For McLaughlin, ClearView had been advising for currency hedging in portfolios as the Australian dollar tended to be quite correlated with risk. 

He said the Australian dollar tended to fall when risk rose and tended to rise when risk fell and the falling dollar partially offset the falls in offshore assets. 

“Being unhedged is a good risk mitigant for most investment portfolios so the hedging strategy is quite important because most portfolios probably have at least as much offshore as they do onshore at least in terms of equity exposure,” McLaughlin said.

“Another approach would be to try and invest in fund managers who are trying to manage directional risk – long/short managers as they can hedge market risk directly. Some had a tough time in the last few years but they’ve generally outperformed when markets haven fallen so there are a number of well-known managers that fall into that category. 

“There are managers that also try to explicitly manage market risk as part in parcel of their core philosophy. So advisers should allocate at least partially to a long/short manager or to a manager that is consciously trying to manage market risk.”

McLaughlin noted that prior to the downturn he was defensively positioned with investments in cash and fixed income and then halved that defensive position during March and April to take advantage of the market dip in equities.

“So far that has worked as markets have rallied,” he said.

“We think there will be further volatility between now and November.

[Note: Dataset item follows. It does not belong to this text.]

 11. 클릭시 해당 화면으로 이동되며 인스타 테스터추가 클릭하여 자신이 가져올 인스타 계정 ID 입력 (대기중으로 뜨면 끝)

So, we think we’ll get further opportunities to take back some of the risk mitigate strategies we have in place.

Value versus growth

McLaughlin noted that he would not have too much exposure to American growth companies as while they were good quality they were expensive and their performance might be unsustainable.

“A lot of the time when you go into a big correction and subsequent rallies the stocks that sell off the most are the very expensive tech stocks, which is what happened in 2000, and fall the furthest. 

“What we’ve seen in the last little while is the big American tech companies being the best performers on the way up because they were growing but also quite defensive on the downside,” he said.

“Whether that’s sustainable, that’s debateable but that’s an unusual characteristic in the sense that the best growth stocks have been the best defensive stocks as well.”

For Wright, value investment styles still had a place in portfolios despite not performing well for some time.

“Recently, some managers that did best that had a growth investment style and that’s tended to lend itself to large US tech names and that’s still valid and legitimate,” he said.

“But value investment style base in Australian and global equities hasn’t done well for quite a period of time and we’ve had people say ‘in a market correction, isn’t value meant to protect us? Should we get out of value?’ The answer is no. 

“Because if you look back over history, when you get over that first market shock and indiscriminate selling no styles work very well when people are try to liquidate holdings.”

He said in the shorter-to-medium term the value investment style had protected and generated better investment returns in market pulldown periods than some of the other investment styles. 

“The messaging has been around ensuring you have diversification across not just asset class and geographies but also manager investment styles,” he said.